My work is a meditation on the space between science and spirituality. Through the lens of perception, fluctuating between the miniscule and the grandiose, we find fear and wonder of the unknown, the invisible, and the uncontrollable. Based initially on investigating the microscopic world of the body’s interior where beauty and illness mingle in the same fluids and membranes, my work has become a broader ontological reflection of where the physical and the metaphysical intersect. Growing up in a family of scientists, this focus intensified when my mother—both a nurse and devout Catholic—was diagnosed with and lost to cancer. Forging a connection between the microcosmic and macrocosmic, the paintings push an imaginative space, exploring tensions and relationships between corporeal and mystical, body and mind.

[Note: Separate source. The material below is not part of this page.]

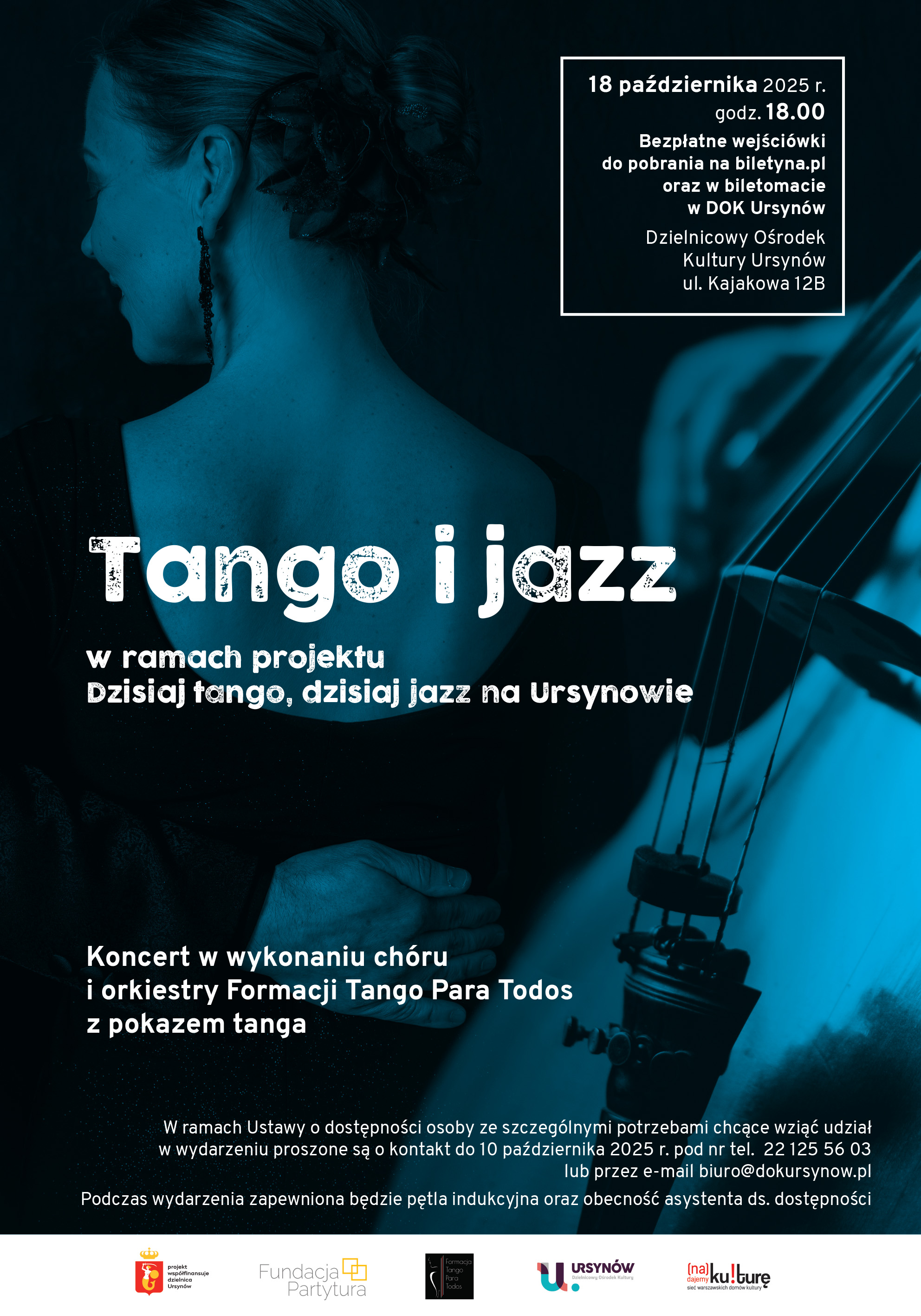 Fundacja Partytura i Dzielnicowy Ośrodek Kultury Ursynów zapraszają 18 października 2025 r. o godz. 18.00 na koncert w wykonaniu chóru i orkiestry zespołu Formacja Tango Para Todos pt. "Tango i jazz " w ramach projektu „Dzisiaj tango, dzisiaj jazz na Ursynowie”. Zespół zaprezentuje tanga klasyczne i nowoczesne, a wśród nich kilka standardów jazzowych zaaranżowanych na tangowo, np. „Cheek to cheek”, czy „Autumn leaves”. Podczas koncertu do wybranych utworów zatańczy para tancerzy.

My process includes layering translucent color and building up a symmetrical system of intersecting strands of cells. In applying thousands of tiny dots, I create an ethereal space where constellations gather and disperse in an endless cycle. Particles accumulate, and I layer globules of silicone to emerge from the surface as tissue-like prayer beads. The result is the juxtaposition of jewel-like fields and manipulated surfaces, creating a tactile element for counting countless meditations. While the initial impetus for these compositions is a controlled symmetry, the mutability of the materials often disrupts a perfect equilibrium. This exponentially cyclical process of repeating marks becomes a devotional practice in contemplating the exquisite balance between matter and spirit, certainty and faith, presence and loss.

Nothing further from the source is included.